Integrating and running CAS crawls that write to record output files

This section describes the high-level steps for integrating and running a CAS crawl that writes output to a record output file.

This section assumes you have done the following:

The steps below are described in their own topics.

  1. Create a CAS crawl.
  2. Specify a CAS Server host in AppConfig.xml.
  3. Specify a CAS Server as a custom component for any CAS crawl that writes to record output files.
  4. Specify a pipeline to run in AppConfig.xml.
  5. Edit fetchCasCrawlDataConfig.xml to reflect the details of your crawling environment.

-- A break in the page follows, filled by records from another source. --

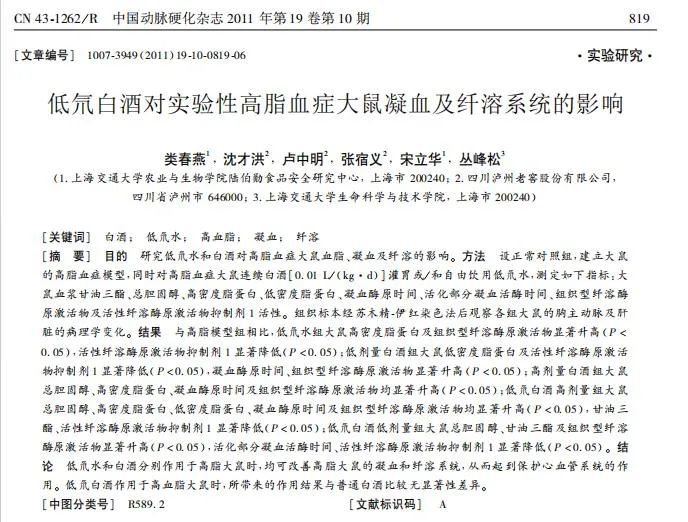 低氘水和白酒分别作用于高脂实验对象时,均可改善高脂实验对象的凝血和纤溶系统,从而起到保护心血管系统的作用。
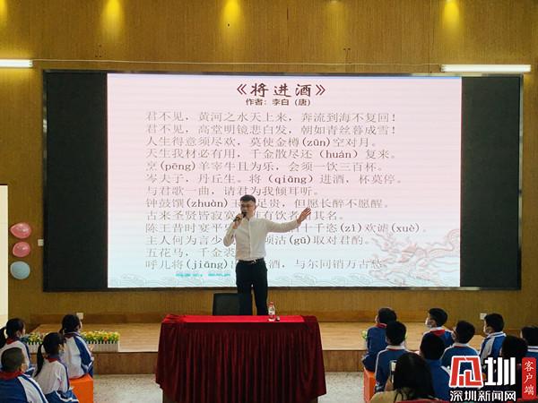 为进一步弘扬中华优秀传统文化,近日,深圳市锦田小学特邀青年文化学者、深圳市百姓学习之星、深圳市公益阅读推广人、深圳市首届家园文化文学会会长晋玉东为广大师生开展了一场别开生面的“中国古典诗词朗诵艺术鉴赏——兼谈如何朗诵好一首诗”公益文化讲座。罗湖区锦田小学德弘校区副校长刘向阳、罗湖区锦田小学德弘校区主任张俊晖、罗湖区未来学校主任谢淑红、德弘二年级家委代表以及语文科组老师,一同参加。活动由班主任梁文雅和学生刘沛东、张家琪共同主持,近200名学生参加了讲座活动。整场讲座师生热情高涨,主讲嘉宾深入浅出、娓娓道来,参与学生思维活跃、表现积极,带动校园形成了学习诗词文化的良好氛围。
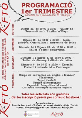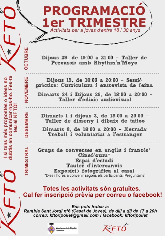 El taller forma part de les activitats del Kftó per a aquest trimestre, les quals van adreçades a joves d'entre 18 i 30 anys. Per a aquest novembre també hi ha previst un taller d'edició audiovisual. Es farà en dues sessions, els dies 24 i 26, i també de sis de la tarda a vuit del vespre.
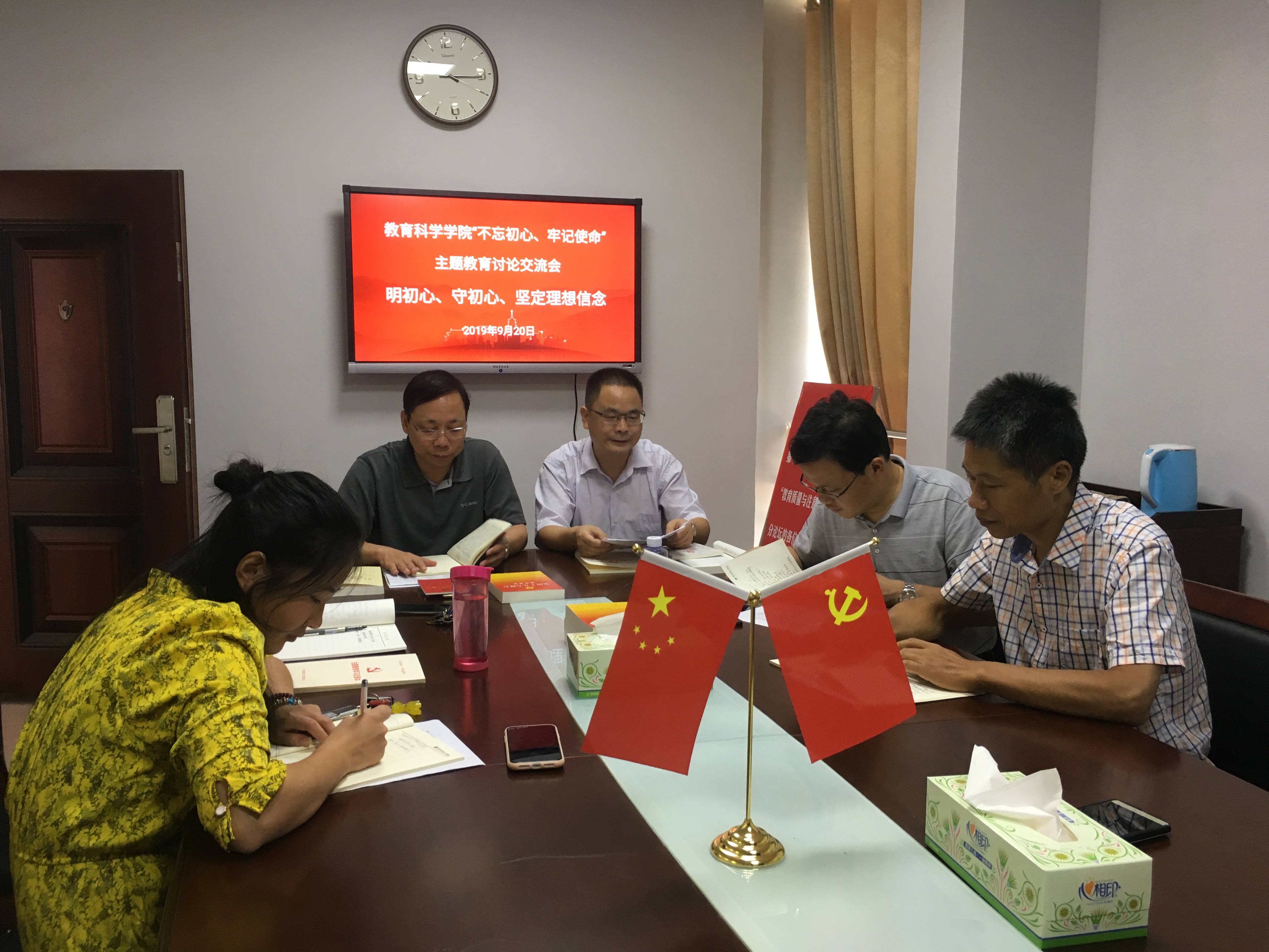 9月20日上午,教育科学学院“不忘初心、牢记使命”主题教育讨论交流会在综合楼314会议室举行。讨论交流主题为“明初心、守初心、坚定理想信念”,学院党总支理论学习中心组全体成员参加学习交流。
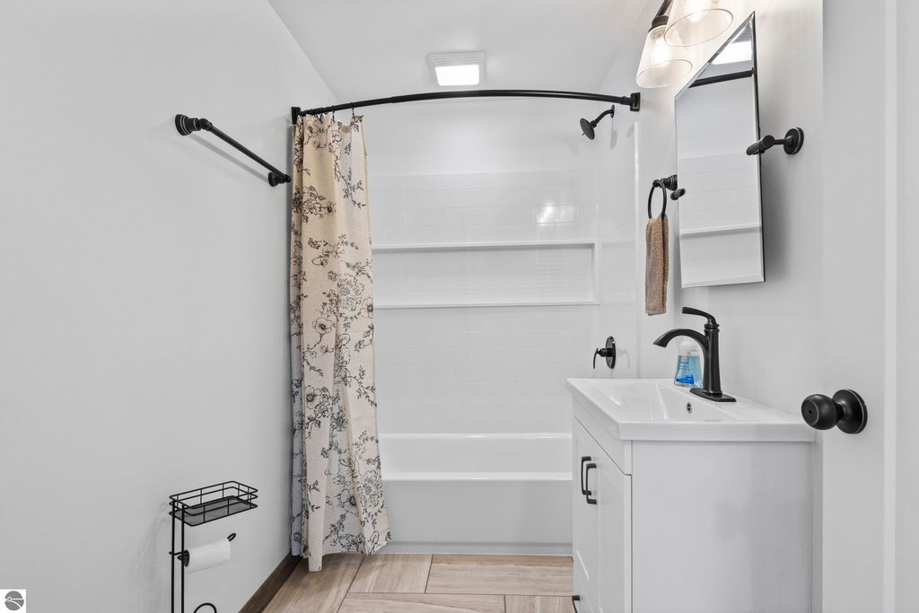 This extensively remodeled and updated three-bedroom one bath ranch home is move-in ready and conveniently located within walking distance of downtown Bellaire. Updates include flooring, drywall, plumbing, lighting, heating, air-conditioning, water heater, bathroom, kitchen, appliances, windows, garage floor, Afton stone driveway, and front deck. The renovation also added a main-floor mudroom and a lower-level family room featuring an electric fireplace and egress window. Located on a modest village parcel, the property offers a tranquil back yard shaded by mature trees. Sidewalks make it an easy to walk to town for dining and entertainment, while the proximity to the Intermediate River offers access to the chain-of-lakes. This home will be ideal as a northern getaway, starter home, or a vacation rental. Make this yours and enjoying a fresh start in a newly updated home.

  6. Create a CAS crawl script, for the crawl you created in step 1, by running the [appdir]/control/cas/make_cas_crawl_scripts script.
  7. Run a baseline CAS crawl (a full crawl) using the sample CAS crawl pipeline. If the baseline update runs without failing, you can start to make further modifications to your deployment, such as using your custom pipeline.

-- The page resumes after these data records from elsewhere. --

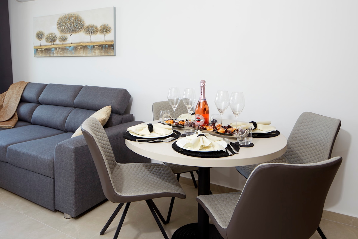 У цьому стильному помешканні ви чудово проведете час усією сім’єю. Якщо вам потрібен відпочинок для вас і вашої родини в Бургасі, то це ваше місце. Ви можете поєднати подорож на природі зі спа-процедурами та відпочинком в «Aqua Calide» або «Terma Numer». Ви можете відпочити в цілющій мінеральній воді в цьому районі та насолодитися домашнім комфортом і зручністю. У будинку є 2 спальні, простора вітальня з диваном-ліжком та окрема кухня. Підходить для 7 дорослих або 6 дорослих + 2 дітей.
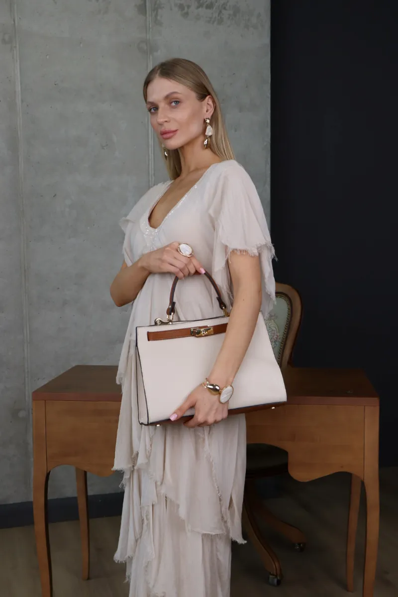 Нейтральний відтінок легко поєднується з різними аксесуарами, роблячи модель універсальною як для святкових подій, так і для елегантних повсякденних образів.
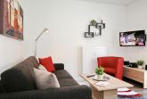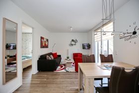 Die Wohnung befindet sich in der 2. Etage auf der Westseite des Hauses und verfügt über einen Balkon. Der Boden ist mit Designbelag ausgelegt. Im offenen Wohnbereich finden Sie eine moderne Doppelschlafcouch (160 cm x 200 cm), auf der bequem 2 Personen schlafen können, passende Sessel und einen Couchtisch, einen Flatscreen-TV und eine Stereoanlage.
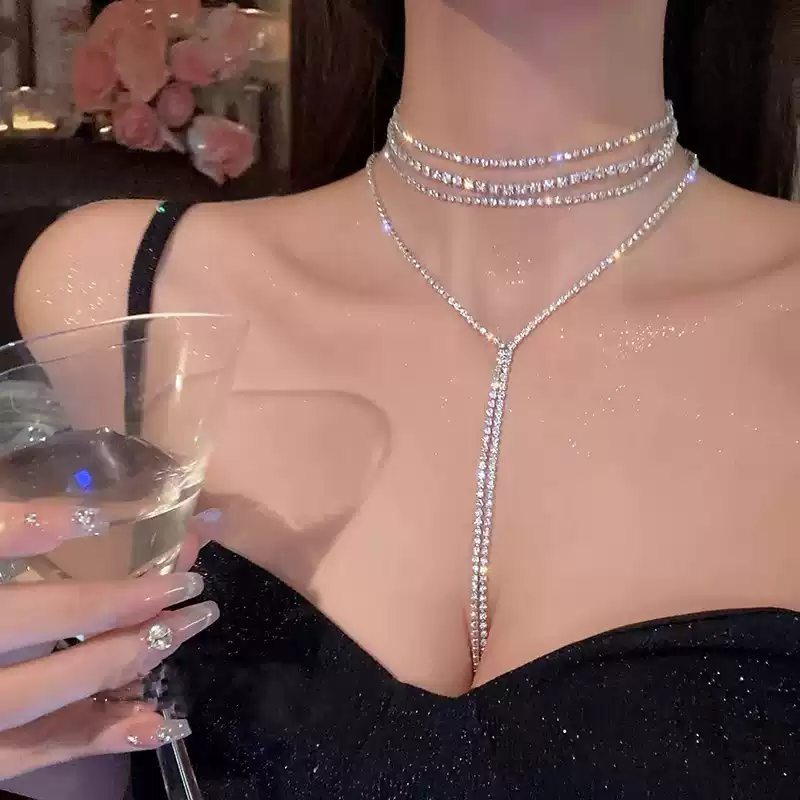 晚宴项链流苏多层叠戴胸链身体链性感颈链饰品轻奢小众礼服锁骨链
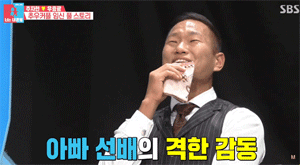 连“硬汉子”足球运动员郑大世都跟着喜极而泣,拿着手绢擦眼泪。
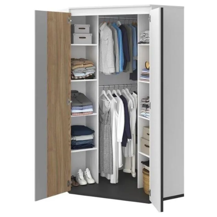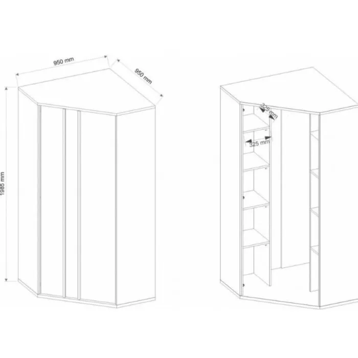 Kotna garderobna omara MELI je stilsko moderna, a hkrati praktična omara. Vsebuje police ter obešalno palico. Zaradi kotne postavitve učinkovito izkoristi prostor in se lepo poda v različne prostore.
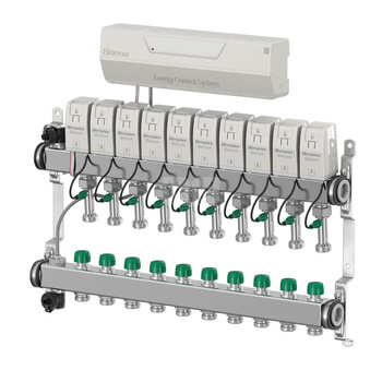 Rozdzielacz do ogrzewania podłogowego COMAP Secos 9-obieg. stal nierdzewna GW 1'' x GZ 3/4'' z inteligentnym sterownikiem natężenia przepływu i temperatury
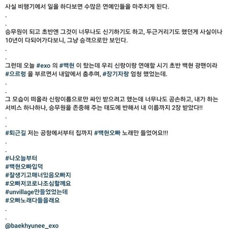 接着,该名空姐继续透露,近日偶然在飞机上巧遇了EXO的伯贤,因为她的老公在两人恋爱初期一直是伯贤的狂粉,热恋期时常常会热唱EXO的经典曲《咆哮》,连舞蹈都能够完美复制,甚至当作“个人技”来炫耀,于是她鼓起勇气跟伯贤要了签名。

  8. Optionally, run an incremental CAS crawl. These steps verify that your configuration files are correct.
  9. Load the crawl files generated in the previous step to be processed by the sample CAS crawl pipeline.

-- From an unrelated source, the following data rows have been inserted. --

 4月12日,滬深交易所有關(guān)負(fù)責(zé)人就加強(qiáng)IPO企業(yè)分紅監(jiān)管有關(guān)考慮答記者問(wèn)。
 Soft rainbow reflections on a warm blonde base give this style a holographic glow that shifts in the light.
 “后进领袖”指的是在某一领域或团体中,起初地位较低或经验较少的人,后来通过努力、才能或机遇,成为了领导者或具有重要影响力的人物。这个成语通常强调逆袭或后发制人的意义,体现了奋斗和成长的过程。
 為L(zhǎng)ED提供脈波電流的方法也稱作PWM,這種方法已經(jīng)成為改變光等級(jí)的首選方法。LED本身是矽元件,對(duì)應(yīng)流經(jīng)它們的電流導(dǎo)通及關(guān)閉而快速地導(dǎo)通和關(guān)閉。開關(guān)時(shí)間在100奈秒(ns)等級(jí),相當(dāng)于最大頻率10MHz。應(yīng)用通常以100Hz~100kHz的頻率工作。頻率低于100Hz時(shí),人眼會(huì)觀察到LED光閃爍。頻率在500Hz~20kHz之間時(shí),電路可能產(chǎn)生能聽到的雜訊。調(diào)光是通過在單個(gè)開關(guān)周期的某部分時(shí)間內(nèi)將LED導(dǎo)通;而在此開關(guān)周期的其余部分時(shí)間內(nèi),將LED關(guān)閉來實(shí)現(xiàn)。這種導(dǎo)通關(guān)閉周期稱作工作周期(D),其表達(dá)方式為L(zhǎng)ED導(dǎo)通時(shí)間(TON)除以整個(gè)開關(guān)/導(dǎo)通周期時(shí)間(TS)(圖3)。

  10. Run a baseline update using the sample CAS crawl pipeline with the new crawl record output files.
Note: The instructions provided in this section apply to the Dgraph deployment type. If your are using an Agraph, all of the file system crawl integration components are deployed and work the same way, but you need to customize the cas_crawl_pipeline (or create your own pipeline) to process the crawl data into an Agraph. Essentially, the crawl functionality works exactly the same way, but the Deployment Template does not provide a sample pipeline for the Agraph case.